◆ **PROVIDED RECORDS**
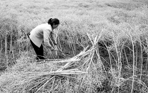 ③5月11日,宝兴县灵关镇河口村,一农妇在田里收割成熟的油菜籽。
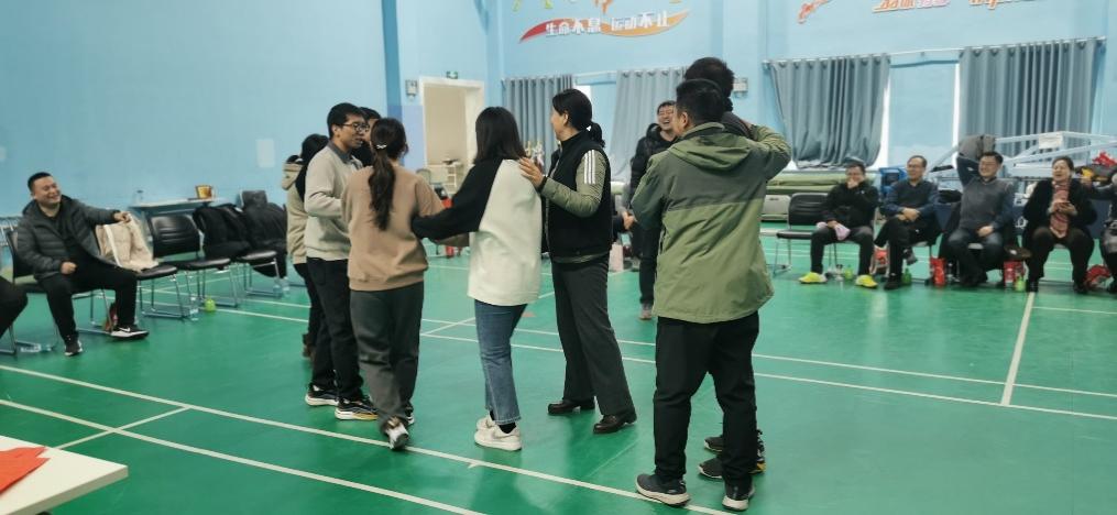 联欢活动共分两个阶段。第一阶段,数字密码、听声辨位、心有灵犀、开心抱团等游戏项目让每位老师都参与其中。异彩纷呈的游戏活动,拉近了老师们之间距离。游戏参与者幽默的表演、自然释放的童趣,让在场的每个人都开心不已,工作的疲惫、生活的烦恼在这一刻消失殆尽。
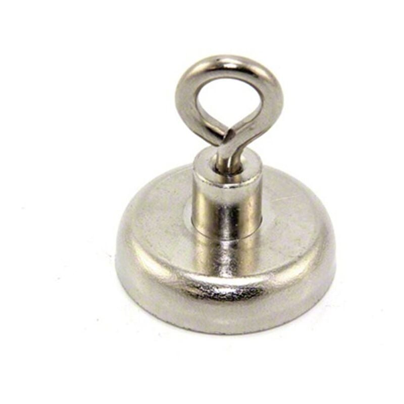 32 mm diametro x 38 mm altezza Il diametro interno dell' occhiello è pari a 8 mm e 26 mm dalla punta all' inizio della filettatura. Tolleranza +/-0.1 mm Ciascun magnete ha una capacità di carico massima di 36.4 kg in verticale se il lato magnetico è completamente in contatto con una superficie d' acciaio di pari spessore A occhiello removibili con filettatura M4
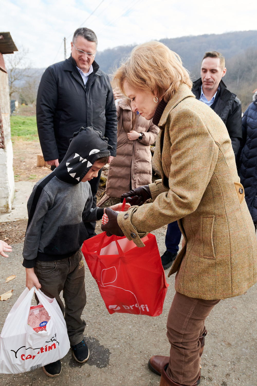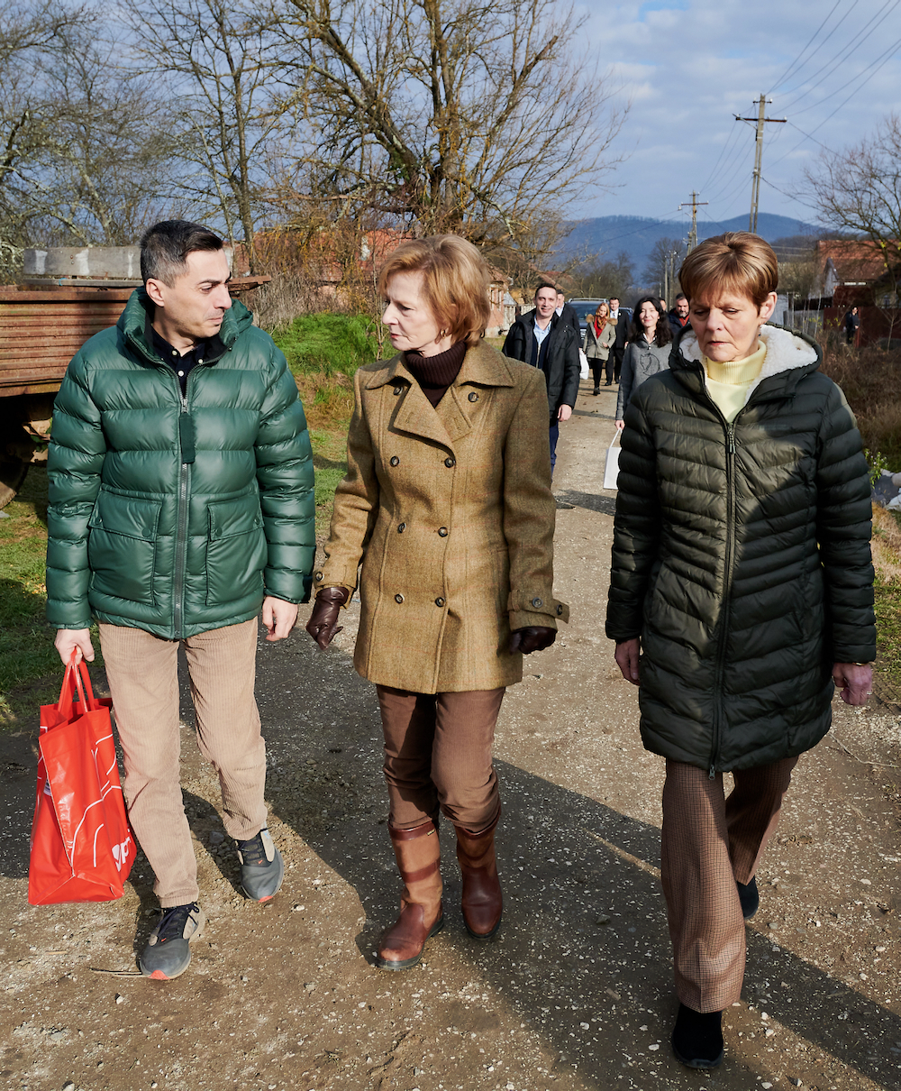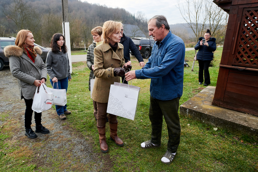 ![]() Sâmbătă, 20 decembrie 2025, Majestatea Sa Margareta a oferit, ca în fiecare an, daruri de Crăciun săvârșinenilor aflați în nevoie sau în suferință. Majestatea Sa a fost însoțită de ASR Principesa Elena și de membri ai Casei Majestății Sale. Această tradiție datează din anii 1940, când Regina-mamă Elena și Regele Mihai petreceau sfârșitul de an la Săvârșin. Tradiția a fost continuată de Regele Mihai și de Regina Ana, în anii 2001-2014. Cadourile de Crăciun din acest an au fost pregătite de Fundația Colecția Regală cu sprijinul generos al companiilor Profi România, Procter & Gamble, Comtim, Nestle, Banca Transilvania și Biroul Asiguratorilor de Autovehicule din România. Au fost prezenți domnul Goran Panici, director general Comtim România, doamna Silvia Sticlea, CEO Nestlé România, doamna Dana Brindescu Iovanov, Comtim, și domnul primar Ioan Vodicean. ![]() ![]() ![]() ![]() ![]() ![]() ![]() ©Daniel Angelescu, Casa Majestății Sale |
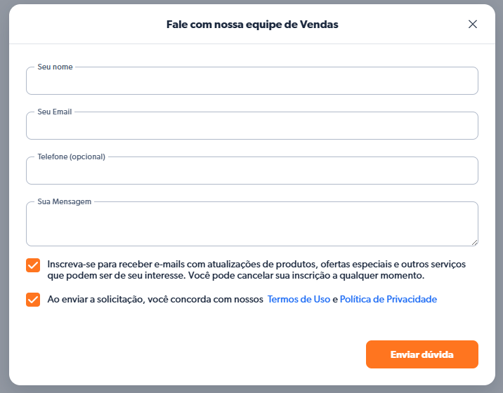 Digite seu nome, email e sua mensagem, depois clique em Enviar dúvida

◆ **EXERCISE INSTRUCTIONS**
Restate the entries above word for word, minus the pictures.

◆ **EXERCISE RESPONSE**
 ③5月11日,宝兴县灵关镇河口村,一农妇在田里收割成熟的油菜籽。
 联欢活动共分两个阶段。第一阶段,数字密码、听声辨位、心有灵犀、开心抱团等游戏项目让每位老师都参与其中。异彩纷呈的游戏活动,拉近了老师们之间距离。游戏参与者幽默的表演、自然释放的童趣,让在场的每个人都开心不已,工作的疲惫、生活的烦恼在这一刻消失殆尽。
 32 mm diametro x 38 mm altezza Il diametro interno dell' occhiello è pari a 8 mm e 26 mm dalla punta all' inizio della filettatura. Tolleranza +/-0.1 mm Ciascun magnete ha una capacità di carico massima di 36.4 kg in verticale se il lato magnetico è completamente in contatto con una superficie d' acciaio di pari spessore A occhiello removibili con filettatura M4
 ![]() Sâmbătă, 20 decembrie 2025, Majestatea Sa Margareta a oferit, ca în fiecare an, daruri de Crăciun săvârșinenilor aflați în nevoie sau în suferință. Majestatea Sa a fost însoțită de ASR Principesa Elena și de membri ai Casei Majestății Sale. Această tradiție datează din anii 1940, când Regina-mamă Elena și Regele Mihai petreceau sfârșitul de an la Săvârșin. Tradiția a fost continuată de Regele Mihai și de Regina Ana, în anii 2001-2014. Cadourile de Crăciun din acest an au fost pregătite de Fundația Colecția Regală cu sprijinul generos al companiilor Profi România, Procter & Gamble, Comtim, Nestle, Banca Transilvania și Biroul Asiguratorilor de Autovehicule din România. Au fost prezenți domnul Goran Panici, director general Comtim România, doamna Silvia Sticlea, CEO Nestlé România, doamna Dana Brindescu Iovanov, Comtim, și domnul primar Ioan Vodicean. ![]() ![]() ![]() ![]() ![]() ![]() ![]() ©Daniel Angelescu, Casa Majestății Sale |
 Digite seu nome, email e sua mensagem, depois clique em Enviar dúvida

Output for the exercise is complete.